NIM catalyzes sustainable materials research

With AI and the latest technological advancements, researchers and developers are studying ways to create novel materials that could address the world’s toughest challenges in fields such as energy storage and environmental remediation.

With the new Alchemi NIM, according to Geetika Gupta, Nvidia’s Product lead for AI and HPC, researchers can test chemical compounds and material stability in simulation, in a virtual AI lab, which reduces costs, energy consumption, and time to discovery. Nvidia also plans to release NIM microservices that can be used to simulate the manufacturability of novel materials to determine how they might be brought to the real world in the form of batteries, solar panels, fertilizers, pesticides, and other products that can contribute to a greener planet.

SES AI, a leading developer of lithium-metal batteries, is exploring using the Alchemi NIM with the AIMNet2 model to accelerate the identification of electrolyte materials used for electric vehicles.

“SES AI is dedicated to advancing lithium battery technology through AI-accelerated material discovery, using our Molecular Universe Project to explore and identify promising candidates for lithium metal electrolyte discovery,” said Qichao Hu, CEO of SES AI.

She says that using Alchemi with AIMNet2 could drastically improve the company’s ability to map molecular properties, reducing time and costs significantly and accelerating innovation. SES AI recently mapped 100,000 molecules in half a day, with the potential to achieve this in under 1 h using Alchemi, showing how the microservice could have a transformative impact on material screening efficiency.
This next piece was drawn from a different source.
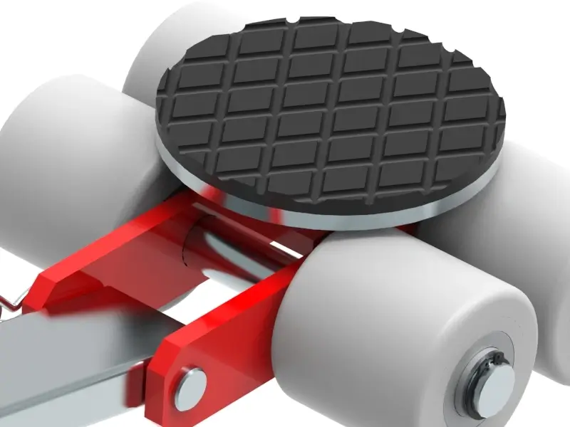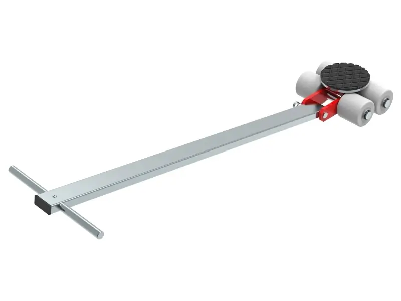 Schwerlasttransportfahrwerk für den professionellen innerbetrieblichen Schwerguttransport auf sauberen und ebenen Böden. Ausführung inkl. Deichsel mit Handgriff oder Anhängeöse, Drehteller mit rutschfestem Waffelgummibelag und hochwertigen HTS Nylonrollen, die abriebfest und nicht markierend sind und für alle glatten Industrieböden geeignet. In Kombination mit einem S-, DUO oder zwei ROTO Fahrwerken mit gleicher Einbauhöhe bilden diese Fahrwerke ein sicheres Gesamtsystem mit 3 Aufnahmepunkten.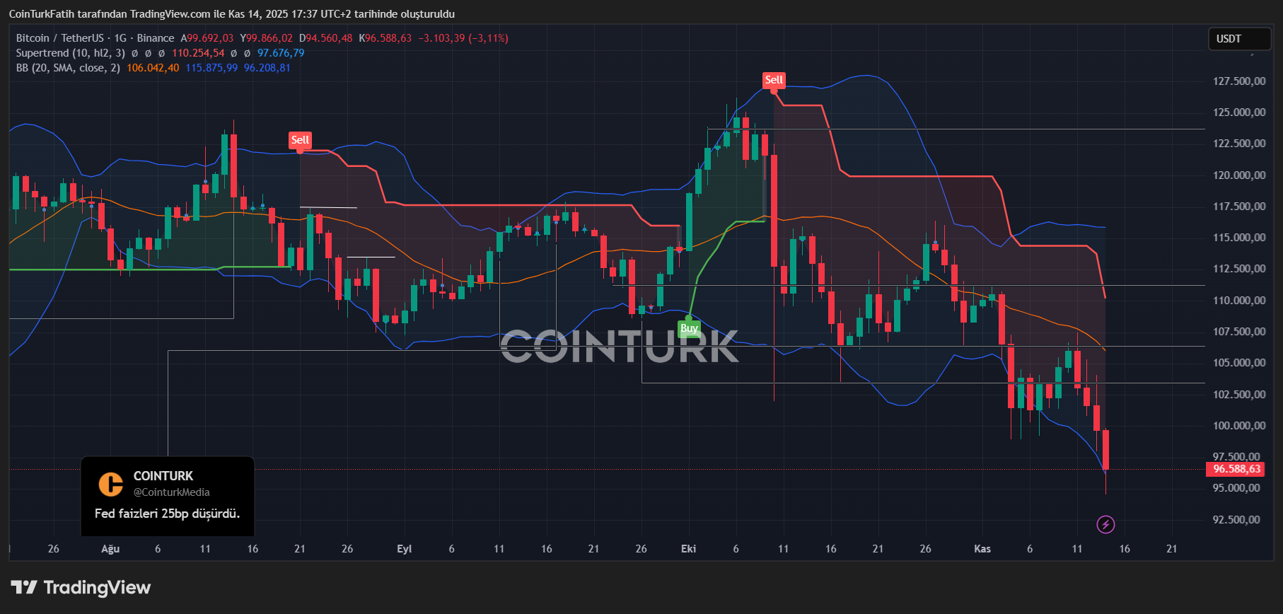 Ancak kripto paraların diğer birçok piyasadan farklı olan yönü sürekli aktif kalması ve yaklaşan gelişmeleri önceden fiyatlama eğilimi. Bu sebeple kimi zaman altın kimi zaman borsalar pozitif veya negatif korelasyon paylaşabiliyor. Bir süredir devam eden ve bu hafta şiddetlenen negatifliğin sebebiyse daha önce fiyatlanan yıllık 75bp faiz indirim rotasından çıkılmasıydı. Ve elbette Yüksek Mahkeme tarafından muhtemelen Trump aleyhine verilecek gümrük vergisi kararı da var.

Looking ahead, SES AI aims to map the properties of up to 10 billion molecules within the next couple of years, pushing the boundaries of AI-driven high-throughput discovery.

The technology could accelerate the company’s progress toward commercialization of its next-generation lithium-metal batteries and three AI solutions.
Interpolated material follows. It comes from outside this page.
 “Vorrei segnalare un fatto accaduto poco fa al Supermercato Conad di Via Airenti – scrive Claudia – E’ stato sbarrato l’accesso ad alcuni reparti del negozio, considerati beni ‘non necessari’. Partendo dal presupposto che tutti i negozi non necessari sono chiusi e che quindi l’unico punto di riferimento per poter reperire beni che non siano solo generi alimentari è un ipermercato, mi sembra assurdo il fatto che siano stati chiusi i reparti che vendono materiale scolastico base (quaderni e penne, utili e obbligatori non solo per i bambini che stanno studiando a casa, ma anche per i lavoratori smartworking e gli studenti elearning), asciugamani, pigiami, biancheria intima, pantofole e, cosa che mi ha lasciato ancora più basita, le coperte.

In its Q3 financial report, the company reported that its 100-A·h lithium-metal B-samples cells successfully passed GB38031-2020, a major milestone towards C-samples and start-of-production for EVs. The company’s urban air mobility lines have completed site acceptance tests, and it signed cell supply agreements including with SoftBank. SES AI is building on its revenue pipeline from electrolyte projects for lithium-metal and lithium-ion battery programs.

 

Adopting Grace architectures

During SC24, Altair announced that several products from its HyperWorks design and simulation platform now support Nvidia Grace CPU and Grace Hopper superchip architectures. This is said to highlight Altair’s deep collaboration with Nvidia and give customers more flexibility to run Altair tools on Nvidia and Arm architectures.
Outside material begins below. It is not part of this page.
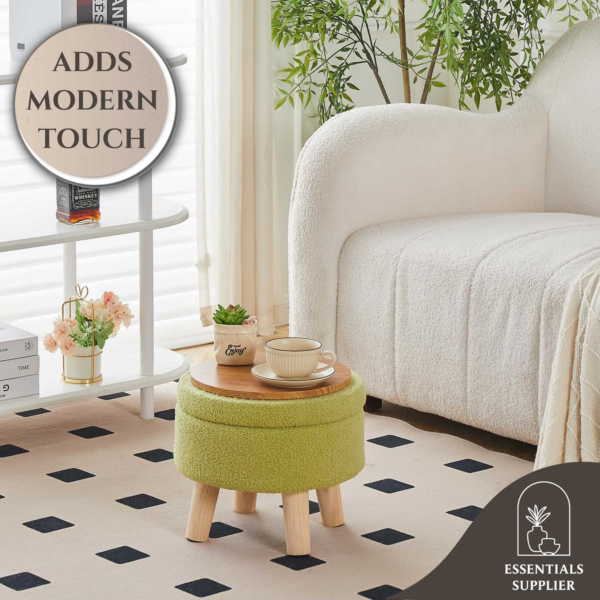 Stylish Design: Chic round shape with natural wood grain legs adds elegance to any room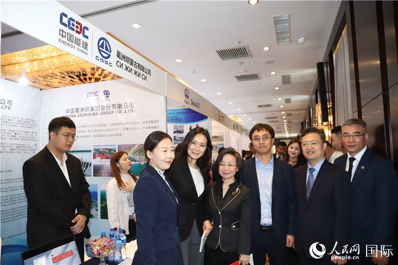 | 10月8日,沈敏娟(左三)大使在中企展位(左二為布拉根局長(zhǎng))。人民網(wǎng)記者 霍文攝 |

“Altair’s solutions achieving peak performance on Grace and Grace Hopper marks a pivotal moment in our commitment to our customers’ needs,” said Sam Mahalingam, CTO at Altair. “Leveraging Nvidia’s CPU and GPU architectures, we are poised to drive artificial intelligence innovation and deliver substantial performance and sustainability gains.”

Internal benchmarks for select Altair solutions showed the Hopper GPU series ran simulations up to twice as fast as its predecessor and enabled Altair solvers to achieve breakthrough run times.

“Giving customers access to Altair’s powerful software tools on our Grace CPU and Grace Hopper Superchip architectures will empower them to push boundaries of innovation and design across multiple industries,” said Tim Costa, Senior Director of CAE/EDA, Quantum, and HPC at Nvidia.

The support demonstrates Altair technology’s ability to run on alternative CPU and CPU-GPU architectures that help meet the global market’s urgent needs for energy efficiency and speed. The Grace and Grace Hopper architectures—built specifically for HPC and AI workloads— offer performance, efficiency, and scalability improvements that can transform how organizations simulate at scale in a power-constrained data center.

According to a recent internal study performed by Lenovo using OpenRadioss, NVIDIA Grace CPUs deliver up to 2.2 times higher energy efficiency for running CAE simulations compared to their reference server configuration.